◆ **The problem**
Whenever a picture appears, leave it out while repeating all the other data exactly.

*** Opening Supplied records ***

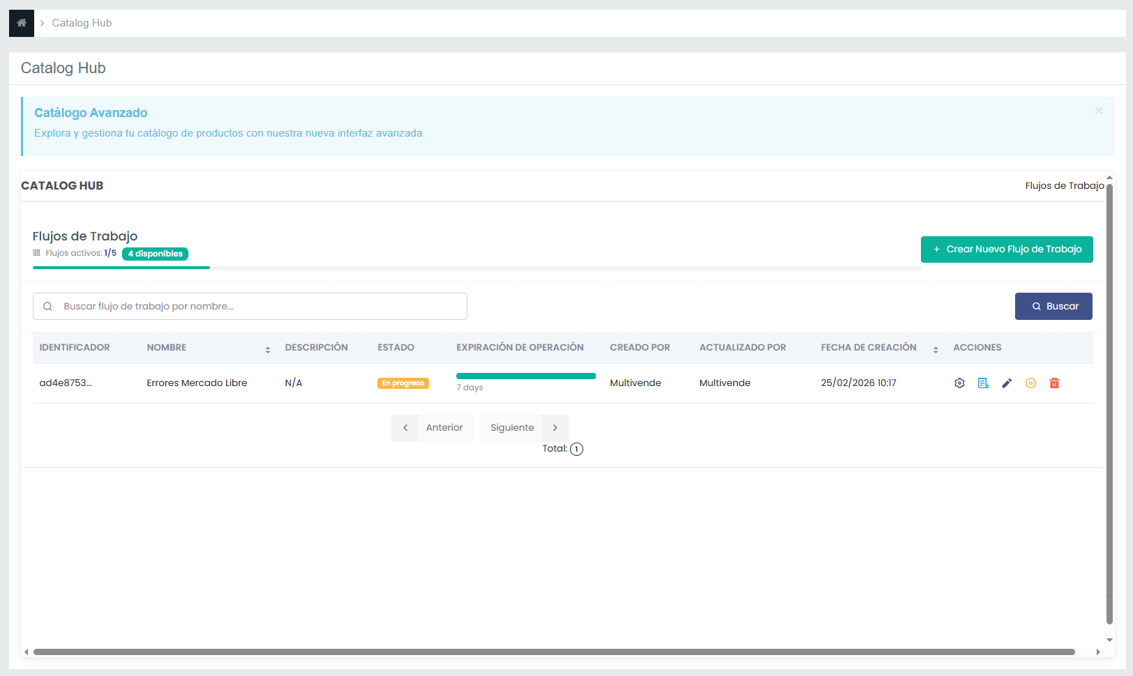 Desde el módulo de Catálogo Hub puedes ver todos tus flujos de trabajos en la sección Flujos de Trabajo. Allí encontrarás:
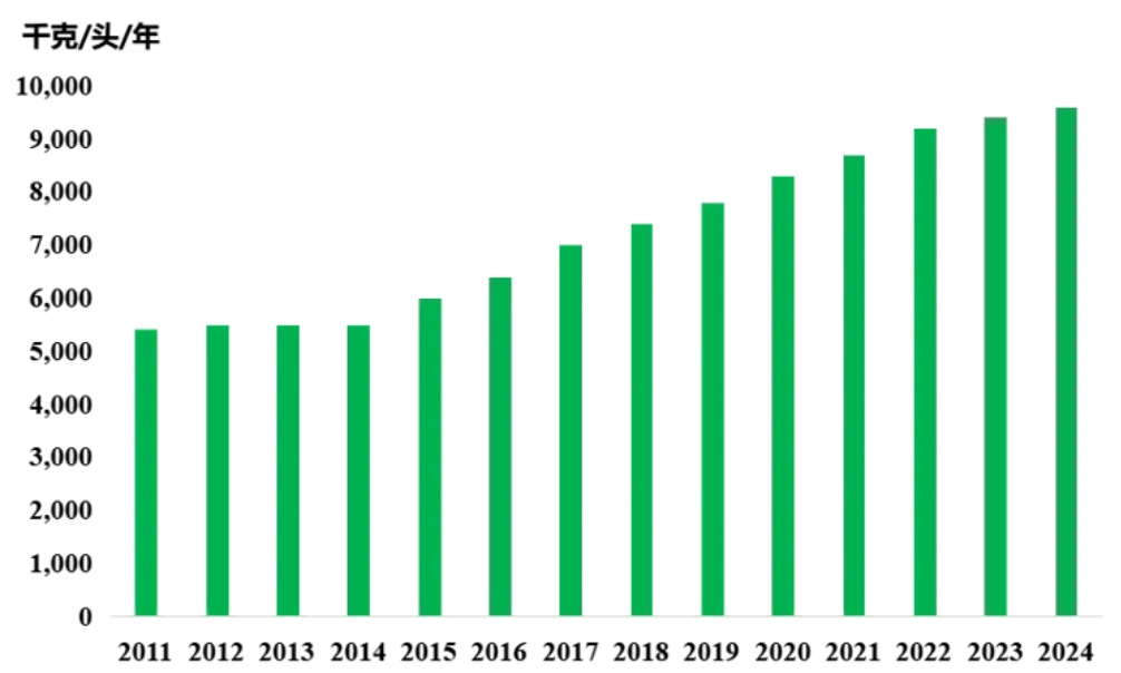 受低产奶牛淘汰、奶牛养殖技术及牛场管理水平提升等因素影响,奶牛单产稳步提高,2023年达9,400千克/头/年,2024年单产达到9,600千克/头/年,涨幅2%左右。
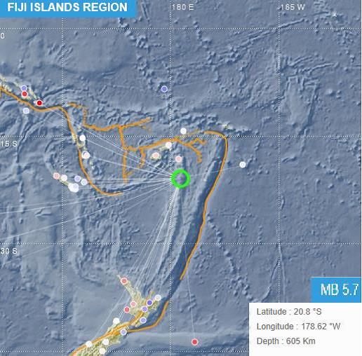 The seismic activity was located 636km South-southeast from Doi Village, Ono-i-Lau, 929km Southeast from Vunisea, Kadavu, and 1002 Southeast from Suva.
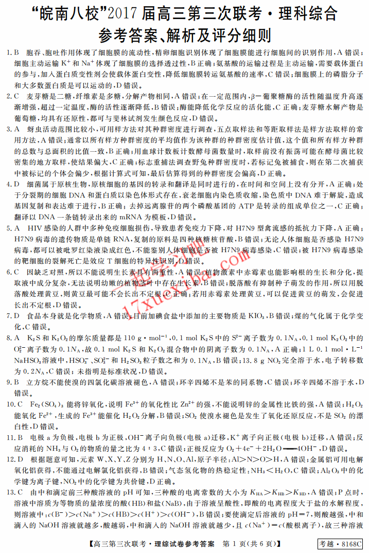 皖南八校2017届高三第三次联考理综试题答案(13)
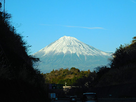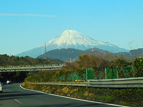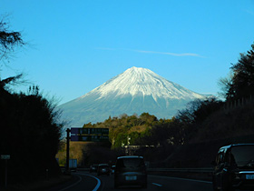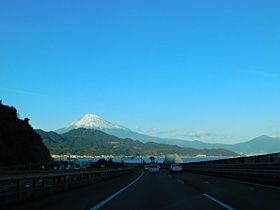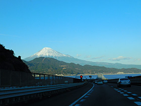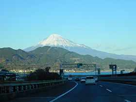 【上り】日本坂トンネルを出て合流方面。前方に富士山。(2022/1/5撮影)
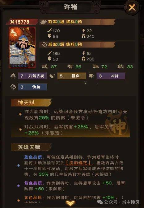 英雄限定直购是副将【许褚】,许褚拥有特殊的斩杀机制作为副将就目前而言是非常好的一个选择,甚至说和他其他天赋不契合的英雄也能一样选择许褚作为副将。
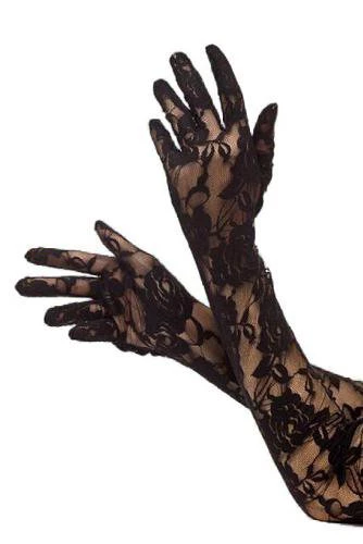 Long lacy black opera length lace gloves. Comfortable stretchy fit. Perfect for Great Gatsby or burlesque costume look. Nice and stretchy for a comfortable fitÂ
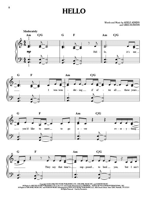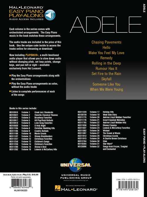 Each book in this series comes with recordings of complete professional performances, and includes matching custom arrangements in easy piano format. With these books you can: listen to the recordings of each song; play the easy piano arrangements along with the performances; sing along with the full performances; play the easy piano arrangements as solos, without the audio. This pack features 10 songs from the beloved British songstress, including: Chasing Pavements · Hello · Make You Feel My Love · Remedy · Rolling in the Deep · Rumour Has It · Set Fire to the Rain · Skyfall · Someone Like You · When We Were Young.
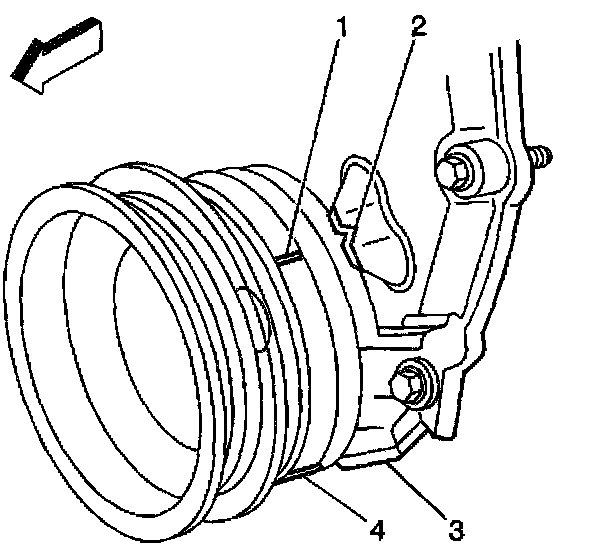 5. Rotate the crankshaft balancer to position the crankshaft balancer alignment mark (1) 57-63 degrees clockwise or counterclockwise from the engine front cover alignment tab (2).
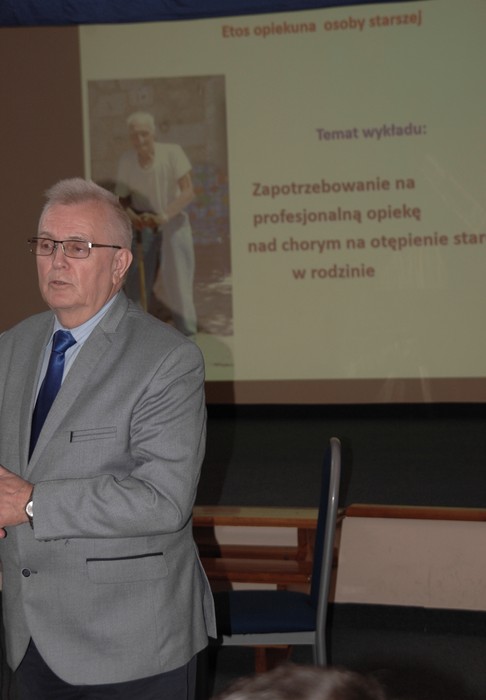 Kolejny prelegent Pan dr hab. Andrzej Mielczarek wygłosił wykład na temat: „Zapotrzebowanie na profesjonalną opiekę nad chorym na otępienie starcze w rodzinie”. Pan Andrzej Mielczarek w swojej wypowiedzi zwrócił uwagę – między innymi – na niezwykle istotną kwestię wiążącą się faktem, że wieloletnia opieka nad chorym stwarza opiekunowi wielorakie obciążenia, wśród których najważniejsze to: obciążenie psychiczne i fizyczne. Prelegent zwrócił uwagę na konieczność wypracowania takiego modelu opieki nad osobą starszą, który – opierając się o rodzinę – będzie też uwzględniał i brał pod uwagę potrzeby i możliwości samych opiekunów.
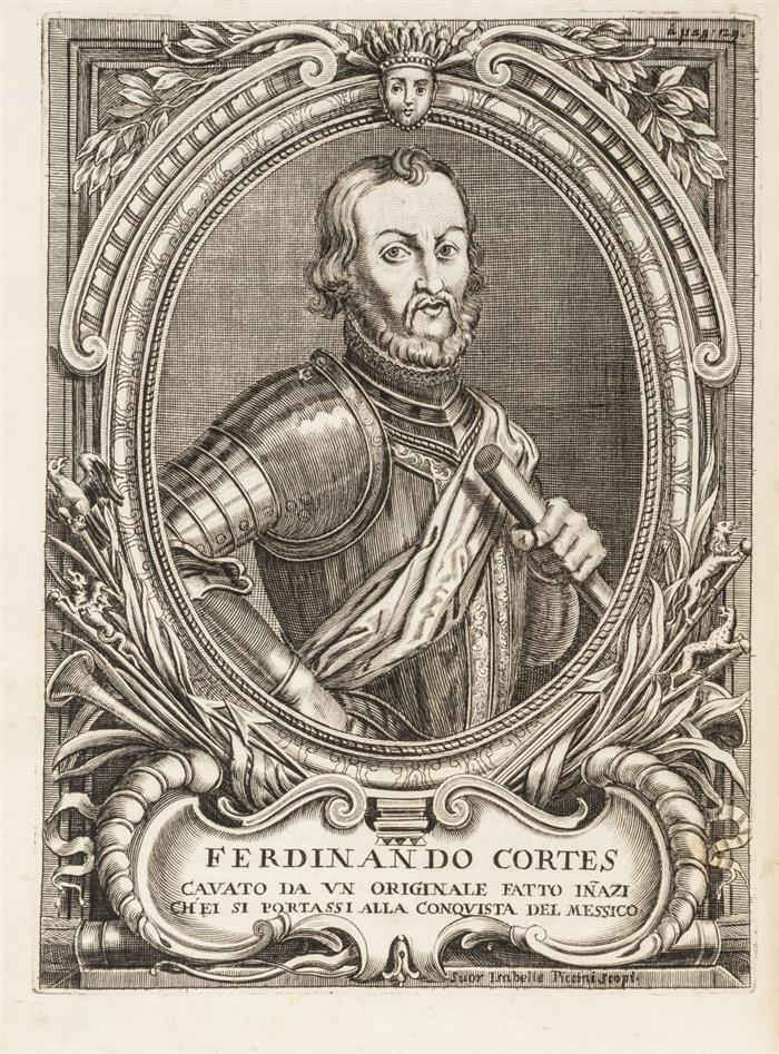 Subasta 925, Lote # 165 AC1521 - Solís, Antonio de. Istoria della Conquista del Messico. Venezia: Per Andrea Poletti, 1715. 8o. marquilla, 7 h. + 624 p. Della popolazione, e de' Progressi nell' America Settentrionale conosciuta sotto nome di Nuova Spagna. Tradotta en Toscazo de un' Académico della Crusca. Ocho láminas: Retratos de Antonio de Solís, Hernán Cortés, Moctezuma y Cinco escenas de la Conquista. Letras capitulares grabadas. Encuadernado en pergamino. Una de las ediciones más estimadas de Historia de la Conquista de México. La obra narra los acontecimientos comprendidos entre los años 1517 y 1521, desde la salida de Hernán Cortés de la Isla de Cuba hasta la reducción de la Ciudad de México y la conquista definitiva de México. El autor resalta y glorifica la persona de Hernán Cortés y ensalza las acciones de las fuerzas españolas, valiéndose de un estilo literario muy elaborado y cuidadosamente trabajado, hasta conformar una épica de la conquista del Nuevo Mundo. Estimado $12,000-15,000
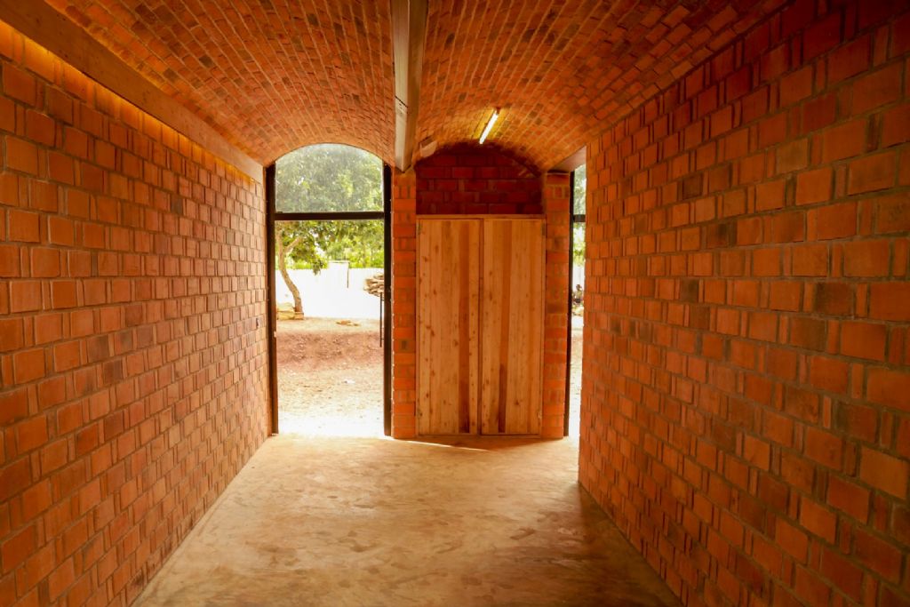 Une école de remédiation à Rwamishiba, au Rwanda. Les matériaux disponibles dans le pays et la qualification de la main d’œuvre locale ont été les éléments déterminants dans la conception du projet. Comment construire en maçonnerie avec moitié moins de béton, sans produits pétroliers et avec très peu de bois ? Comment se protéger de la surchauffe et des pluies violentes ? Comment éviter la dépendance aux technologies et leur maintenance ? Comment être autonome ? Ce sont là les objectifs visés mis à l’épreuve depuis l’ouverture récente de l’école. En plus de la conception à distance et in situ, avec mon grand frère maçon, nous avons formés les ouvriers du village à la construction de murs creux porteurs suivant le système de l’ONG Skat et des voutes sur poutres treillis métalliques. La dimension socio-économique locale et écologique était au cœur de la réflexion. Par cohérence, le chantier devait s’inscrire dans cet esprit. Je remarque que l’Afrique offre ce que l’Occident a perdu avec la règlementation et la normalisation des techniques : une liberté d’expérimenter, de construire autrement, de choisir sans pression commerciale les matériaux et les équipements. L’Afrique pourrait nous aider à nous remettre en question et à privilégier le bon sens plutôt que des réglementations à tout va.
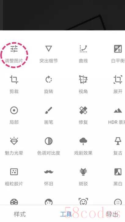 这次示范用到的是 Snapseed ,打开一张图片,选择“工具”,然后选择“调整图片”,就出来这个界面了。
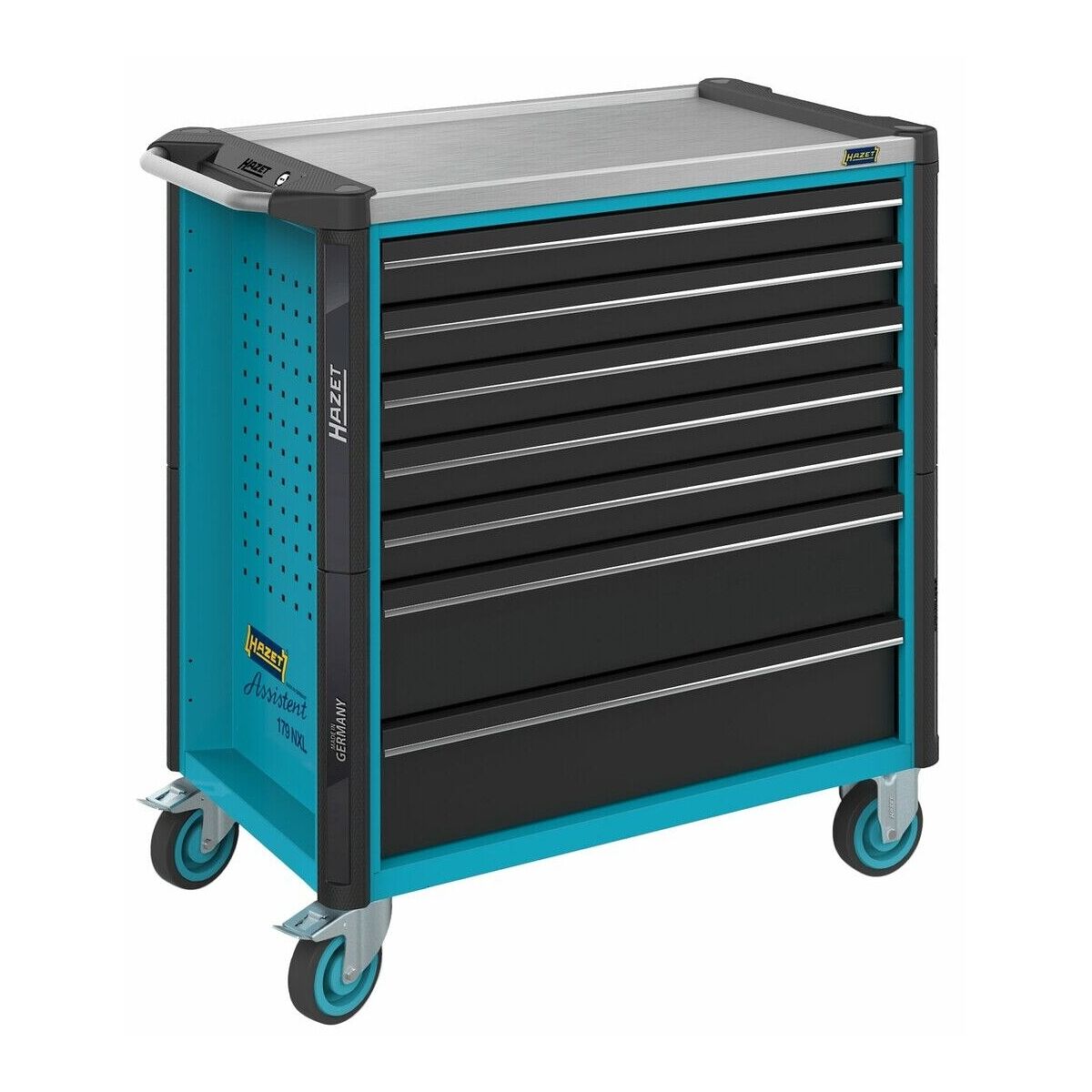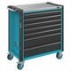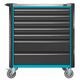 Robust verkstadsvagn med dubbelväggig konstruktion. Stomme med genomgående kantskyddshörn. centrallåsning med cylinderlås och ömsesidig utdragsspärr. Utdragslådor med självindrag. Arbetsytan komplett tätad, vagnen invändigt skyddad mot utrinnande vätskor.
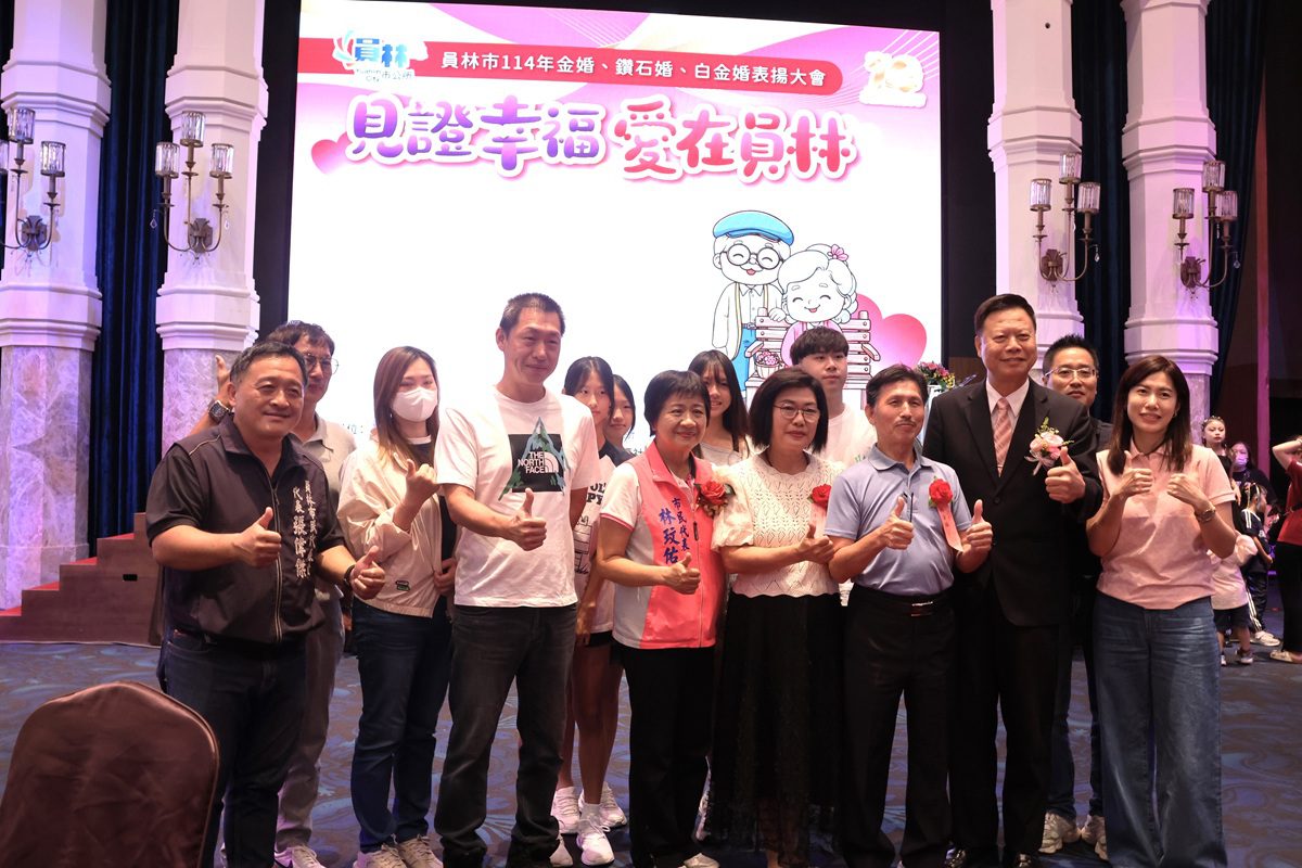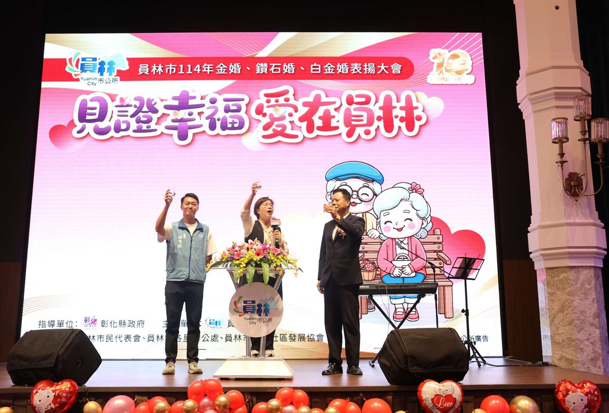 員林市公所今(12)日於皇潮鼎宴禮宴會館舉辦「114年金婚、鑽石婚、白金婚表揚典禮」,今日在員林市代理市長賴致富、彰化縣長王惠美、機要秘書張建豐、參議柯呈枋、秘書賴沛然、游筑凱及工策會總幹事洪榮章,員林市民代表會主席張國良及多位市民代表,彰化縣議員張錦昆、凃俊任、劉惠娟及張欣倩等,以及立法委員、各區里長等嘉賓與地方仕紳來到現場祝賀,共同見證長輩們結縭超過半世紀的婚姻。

*** Closing Supplied records ***

◆ **Your response**
 Desde el módulo de Catálogo Hub puedes ver todos tus flujos de trabajos en la sección Flujos de Trabajo. Allí encontrarás:
 受低产奶牛淘汰、奶牛养殖技术及牛场管理水平提升等因素影响,奶牛单产稳步提高,2023年达9,400千克/头/年,2024年单产达到9,600千克/头/年,涨幅2%左右。
 The seismic activity was located 636km South-southeast from Doi Village, Ono-i-Lau, 929km Southeast from Vunisea, Kadavu, and 1002 Southeast from Suva.
 皖南八校2017届高三第三次联考理综试题答案(13)
 【上り】日本坂トンネルを出て合流方面。前方に富士山。(2022/1/5撮影)
 英雄限定直购是副将【许褚】,许褚拥有特殊的斩杀机制作为副将就目前而言是非常好的一个选择,甚至说和他其他天赋不契合的英雄也能一样选择许褚作为副将。
 Long lacy black opera length lace gloves. Comfortable stretchy fit. Perfect for Great Gatsby or burlesque costume look. Nice and stretchy for a comfortable fitÂ
 Each book in this series comes with recordings of complete professional performances, and includes matching custom arrangements in easy piano format. With these books you can: listen to the recordings of each song; play the easy piano arrangements along with the performances; sing along with the full performances; play the easy piano arrangements as solos, without the audio. This pack features 10 songs from the beloved British songstress, including: Chasing Pavements · Hello · Make You Feel My Love · Remedy · Rolling in the Deep · Rumour Has It · Set Fire to the Rain · Skyfall · Someone Like You · When We Were Young.
 5. Rotate the crankshaft balancer to position the crankshaft balancer alignment mark (1) 57-63 degrees clockwise or counterclockwise from the engine front cover alignment tab (2).
 Kolejny prelegent Pan dr hab. Andrzej Mielczarek wygłosił wykład na temat: „Zapotrzebowanie na profesjonalną opiekę nad chorym na otępienie starcze w rodzinie”. Pan Andrzej Mielczarek w swojej wypowiedzi zwrócił uwagę – między innymi – na niezwykle istotną kwestię wiążącą się faktem, że wieloletnia opieka nad chorym stwarza opiekunowi wielorakie obciążenia, wśród których najważniejsze to: obciążenie psychiczne i fizyczne. Prelegent zwrócił uwagę na konieczność wypracowania takiego modelu opieki nad osobą starszą, który – opierając się o rodzinę – będzie też uwzględniał i brał pod uwagę potrzeby i możliwości samych opiekunów.
 Subasta 925, Lote # 165 AC1521 - Solís, Antonio de. Istoria della Conquista del Messico. Venezia: Per Andrea Poletti, 1715. 8o. marquilla, 7 h. + 624 p. Della popolazione, e de' Progressi nell' America Settentrionale conosciuta sotto nome di Nuova Spagna. Tradotta en Toscazo de un' Académico della Crusca. Ocho láminas: Retratos de Antonio de Solís, Hernán Cortés, Moctezuma y Cinco escenas de la Conquista. Letras capitulares grabadas. Encuadernado en pergamino. Una de las ediciones más estimadas de Historia de la Conquista de México. La obra narra los acontecimientos comprendidos entre los años 1517 y 1521, desde la salida de Hernán Cortés de la Isla de Cuba hasta la reducción de la Ciudad de México y la conquista definitiva de México. El autor resalta y glorifica la persona de Hernán Cortés y ensalza las acciones de las fuerzas españolas, valiéndose de un estilo literario muy elaborado y cuidadosamente trabajado, hasta conformar una épica de la conquista del Nuevo Mundo. Estimado $12,000-15,000
 Une école de remédiation à Rwamishiba, au Rwanda. Les matériaux disponibles dans le pays et la qualification de la main d’œuvre locale ont été les éléments déterminants dans la conception du projet. Comment construire en maçonnerie avec moitié moins de béton, sans produits pétroliers et avec très peu de bois ? Comment se protéger de la surchauffe et des pluies violentes ? Comment éviter la dépendance aux technologies et leur maintenance ? Comment être autonome ? Ce sont là les objectifs visés mis à l’épreuve depuis l’ouverture récente de l’école. En plus de la conception à distance et in situ, avec mon grand frère maçon, nous avons formés les ouvriers du village à la construction de murs creux porteurs suivant le système de l’ONG Skat et des voutes sur poutres treillis métalliques. La dimension socio-économique locale et écologique était au cœur de la réflexion. Par cohérence, le chantier devait s’inscrire dans cet esprit. Je remarque que l’Afrique offre ce que l’Occident a perdu avec la règlementation et la normalisation des techniques : une liberté d’expérimenter, de construire autrement, de choisir sans pression commerciale les matériaux et les équipements. L’Afrique pourrait nous aider à nous remettre en question et à privilégier le bon sens plutôt que des réglementations à tout va.
 这次示范用到的是 Snapseed ,打开一张图片,选择“工具”,然后选择“调整图片”,就出来这个界面了。
 Robust verkstadsvagn med dubbelväggig konstruktion. Stomme med genomgående kantskyddshörn. centrallåsning med cylinderlås och ömsesidig utdragsspärr. Utdragslådor med självindrag. Arbetsytan komplett tätad, vagnen invändigt skyddad mot utrinnande vätskor.
 員林市公所今(12)日於皇潮鼎宴禮宴會館舉辦「114年金婚、鑽石婚、白金婚表揚典禮」,今日在員林市代理市長賴致富、彰化縣長王惠美、機要秘書張建豐、參議柯呈枋、秘書賴沛然、游筑凱及工策會總幹事洪榮章,員林市民代表會主席張國良及多位市民代表,彰化縣議員張錦昆、凃俊任、劉惠娟及張欣倩等,以及立法委員、各區里長等嘉賓與地方仕紳來到現場祝賀,共同見證長輩們結縭超過半世紀的婚姻。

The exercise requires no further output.